Failure to Thoroughly Investigate Alleged Abuse, Neglect, and Injuries of Unknown Origin
Penalty
Summary
The facility failed to thoroughly investigate two separate incidents involving potential abuse, neglect, or mistreatment, as required by its own policies and federal regulations. In the first incident, a resident with severe cognitive impairment and dysphagia was fed regular consistency chicken tenders instead of the prescribed mechanical soft, minced diet. This error occurred after a certified nurse aide intentionally swapped meal plates among three residents without verifying dietary restrictions, resulting in the resident choking and requiring emergency intervention. The facility's investigation did not determine where the incorrect food originated, nor did it include a review of the dietary plans or meal tickets for the other residents involved in the plate swap. Key staff, including the therapy director, nurse practitioner, and medical director, were unaware of the full extent of the incident, and the director of nursing acknowledged the investigation was incomplete. In the second incident, a resident with dementia and a history of behavioral symptoms was found to have a bruise of unknown origin below the right eye. Documentation showed that the discoloration was first noted as purpura by a registered nurse, but no provider assessment or investigation was initiated at that time. The facility's investigation began several days later, did not review all relevant progress notes, and failed to interview all staff assigned to the resident during the period when the injury could have occurred. Several staff members, including those who provided care during the relevant shifts, confirmed they were not interviewed as part of the investigation.
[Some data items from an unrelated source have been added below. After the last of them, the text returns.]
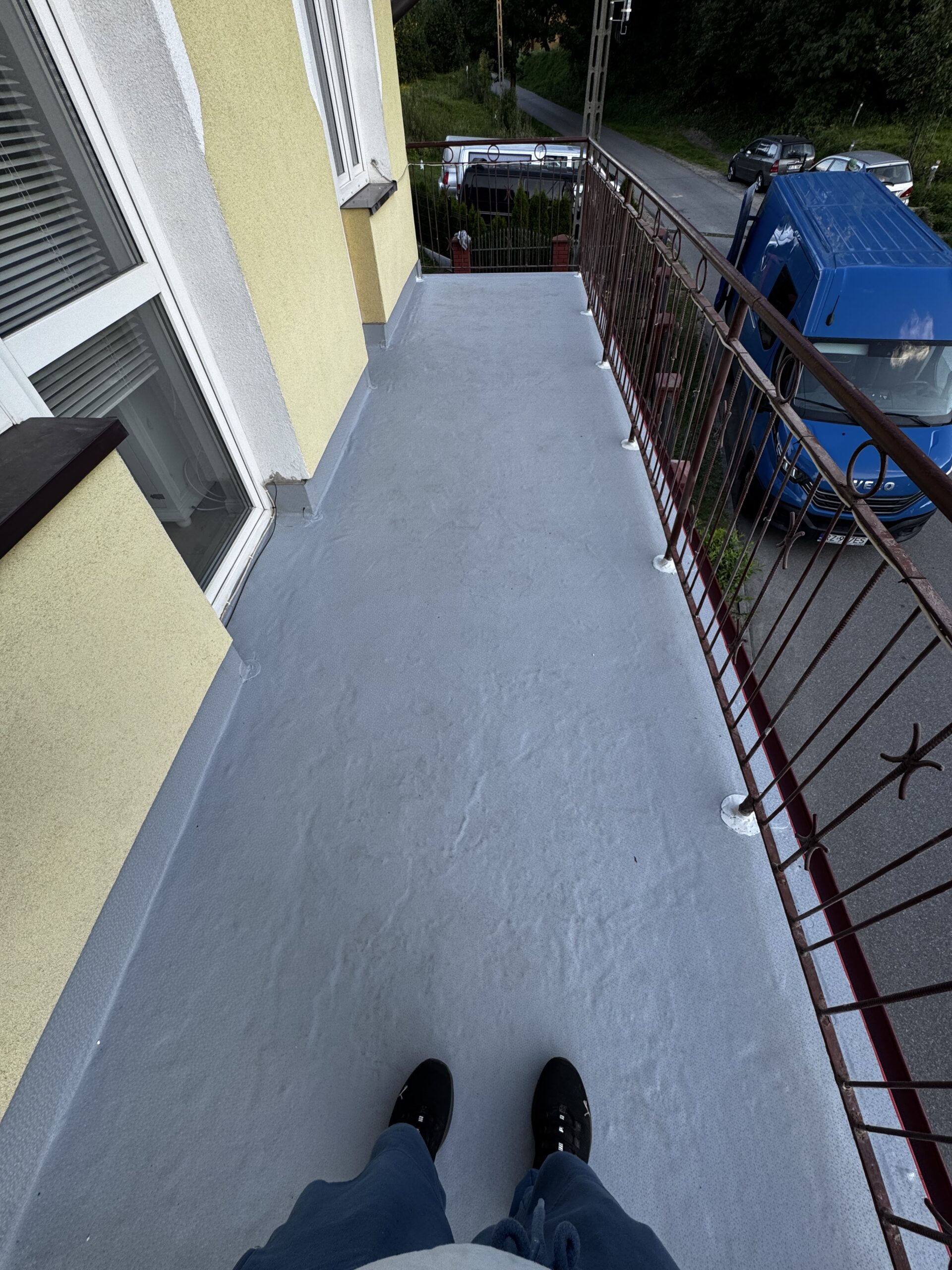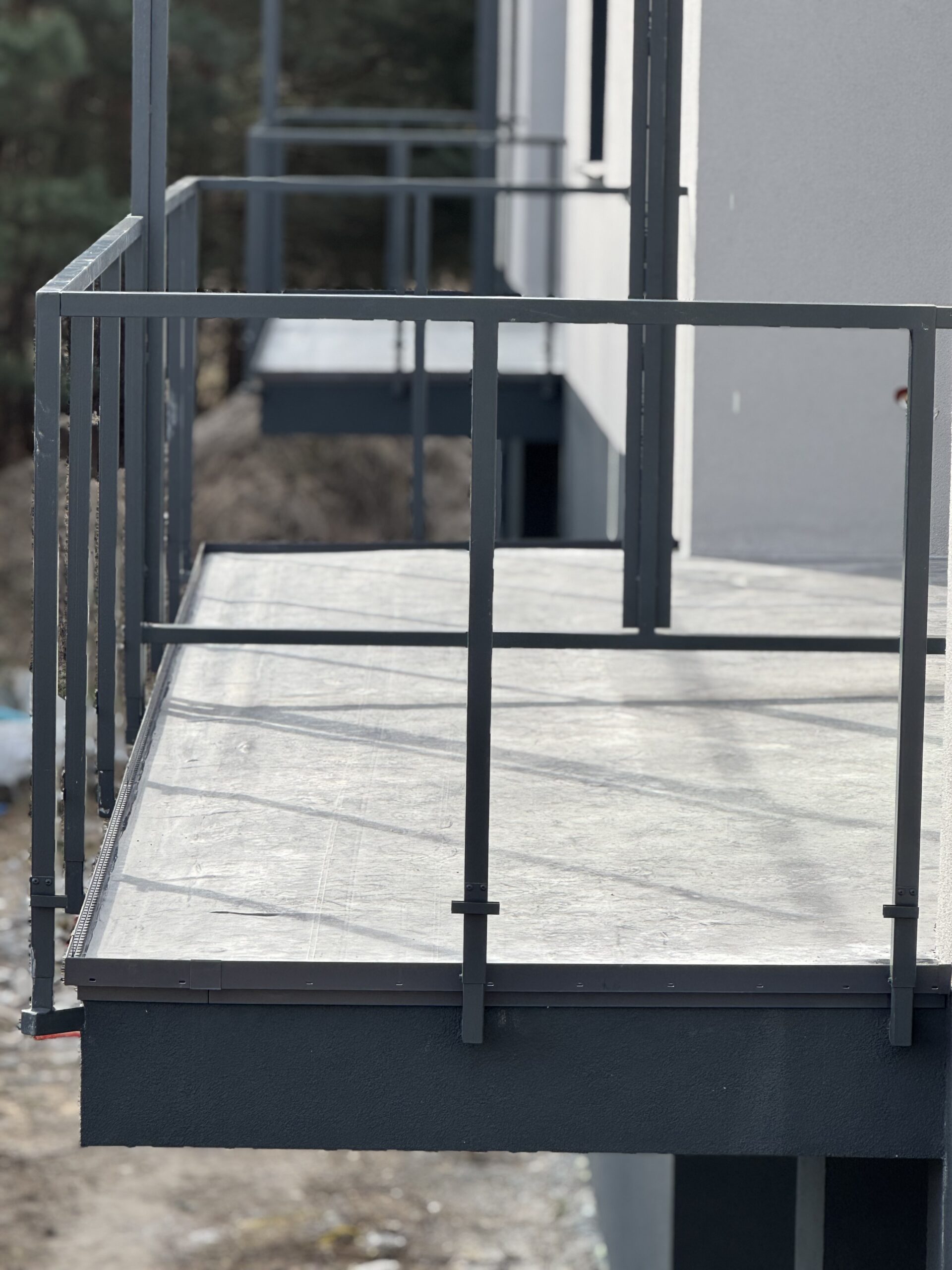 Oprócz standardowej izolacji powierzchni nad pomieszczeniami użytkowymi często izolacji potrzebują balkony wiszące gdzie woda może również dostawać się przez strop, taki balkon lub taras może być wykończony płytką na dystansie lub deska tarasowa na legarach.
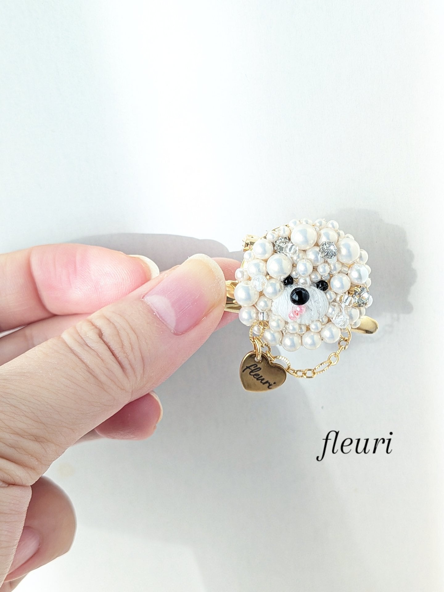 第2段 ビションフリーゼのブローチ兼ヘアクリップ
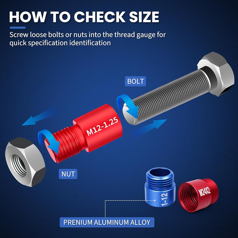 【تصميم متين ومرمز بالألوان】 جهاز فحص خيط الصواميل والمسمار مصنوع من الألومنيوم عالي الجودة مع علامات مقاومة للاحتكاك محفورة بالليزر لضمان وضوح طويل الأمد. يتم ترميز أحجام SAE باللون الأزرق، ويتم ترميز الأحجام المترية باللون الأحمر، مما يسمح بالتعرف الفوري وتقليل الأخطاء
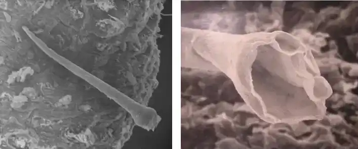 These are some images of the trichomes, taken with an electron microscope2. The first image shows the spicule penetrating the skin and the second shows its hollow structure. The hairs are so tiny, around 1mm in length, that they can easily penetrate the skin when lightly brushed and subsequently break off from the leaf.
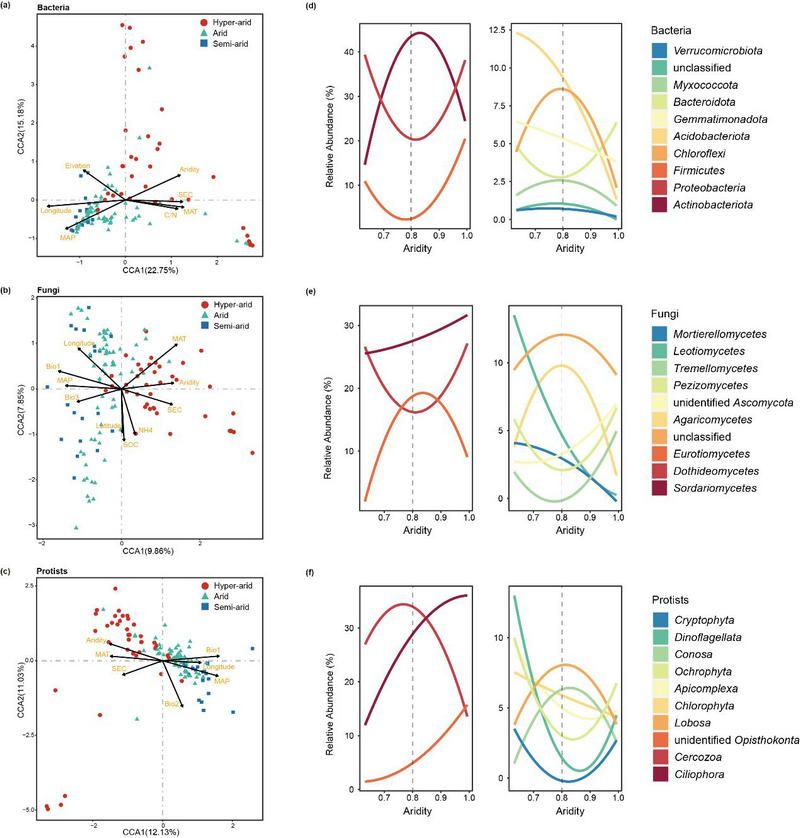 进一步利用典范对应分析法(CCA)比较不同沙漠生态系统下细菌、真菌和原生生物的多样性与环境异质性/土壤理化性质的关系。细菌和原生生物具有类似的分布格局,即在半干旱和干旱荒漠中相对聚集,并与极端干旱荒漠明显区分开来。真菌则在不同荒漠中均有较大的差异(图2)。有趣的是,通过耦合主要类群相对丰度与干旱度数值的相关性,我们研究发现区分极端干旱和干旱生态系统的阈值0.8也是大多类群相对丰度变化的拐点值。某些真菌(如粪壳菌纲)和原生生物(纤毛亚门)的丰度则随着干旱程度的增加而升高(图2),表明这些微生物可能具有耐受极端干旱环境压力的能力。
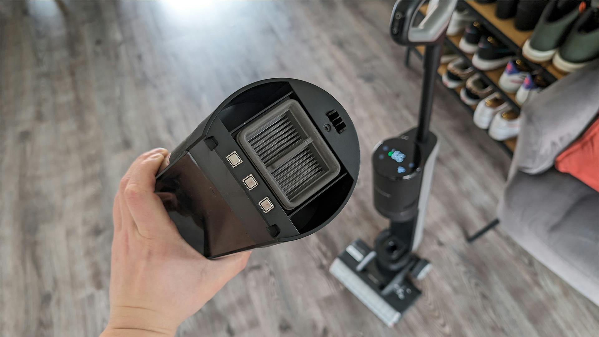 Het gewicht van 5,6 kilo is overigens zonder het water dat je toevoegt. Achterop zit de tank voor schoon water, van 900 milliliter. Het vieze water wordt in een bak van maximaal 700 milliliter opgevangen. Dat is dezelfde bak waar ook het vuil in beland en waar je de HEPA-filter in aantreft. Omdat de Dreame H13 Pro één bak voor stof, viezigheid en het gebruikte water heeft, begrijp je waarom die zo nu en dan aan een schoonmaakbeurt toe is. Dit is een van de weinige nadelen van dit model; wellicht is een aparte opvangbak voor het stof een mooie upgrade voor een toekomstige opvolger.
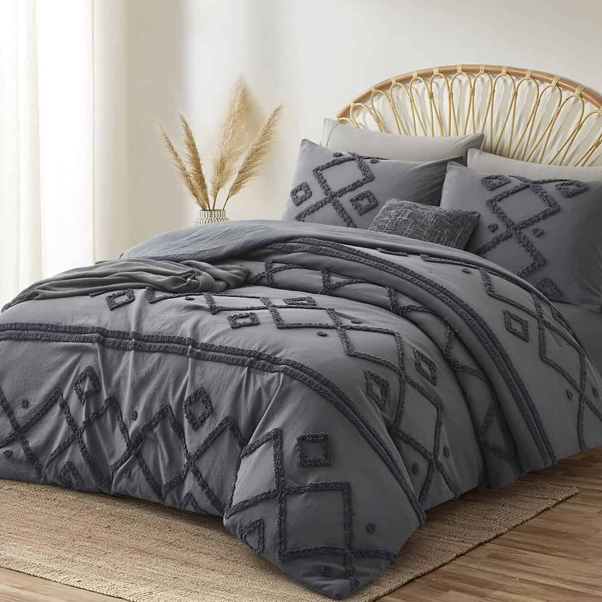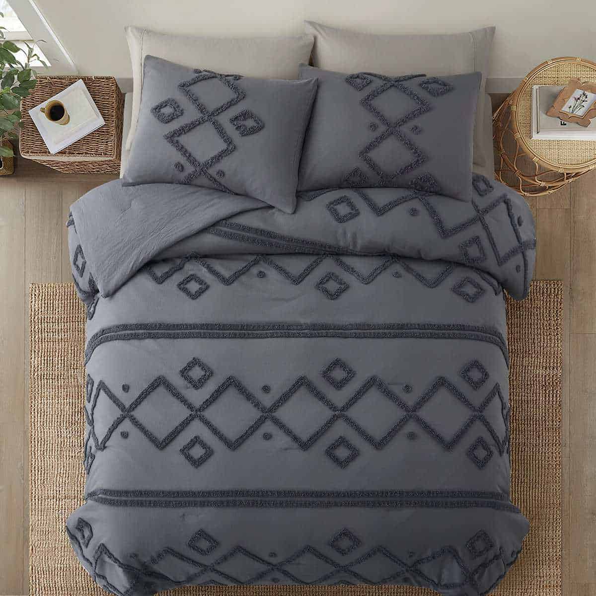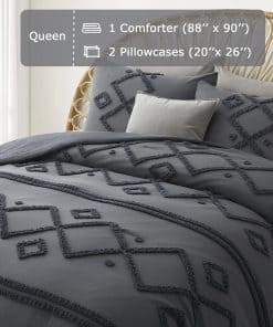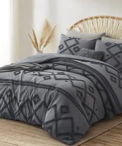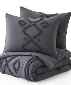 Nuestro juego de edredón Oli Anderson Dark Grey Queen es perfecto para quienes buscan una combinación de elegancia y comodidad en su hogar. El diseño tufted con patrón geométrico le da un toque sofisticado a cualquier habitación, mientras que el relleno de poliéster de alta calidad proporciona una sensación esponjosa y transpirable. La tela suave mantiene el calor de manera óptima, permitiéndote disfrutarlo durante todo el año. Además, el edredón shabby chic Oli Anderson ha sido cuidadosamente diseñado para evitar que el relleno se desplace o se agrupe después de cada lavado. El paquete incluye un edredón gris de tamaño Queen y dos fundas de almohada a juego, todo lo que necesitas para darle un toque acogedor a tu dormitorio. Para mantenerlo en óptimas condiciones, recomendamos lavarlo a máquina en frío y secarlo a baja temperatura. Atrévete a transformar tu espacio con nuestro juego de edredón Oli Anderson Dark Grey Queen.

Both the director of nursing and the administrator later acknowledged that the investigation was not thorough and did not follow the facility's established procedures for injuries of unknown origin. In both cases, the facility's failure to conduct comprehensive investigations meant that not all potential causes or responsible parties were identified, and the required steps to rule out abuse or neglect were not completed. The deficiencies were confirmed through staff interviews, record reviews, and direct admissions from facility leadership that the investigations were incomplete and did not meet policy or regulatory standards.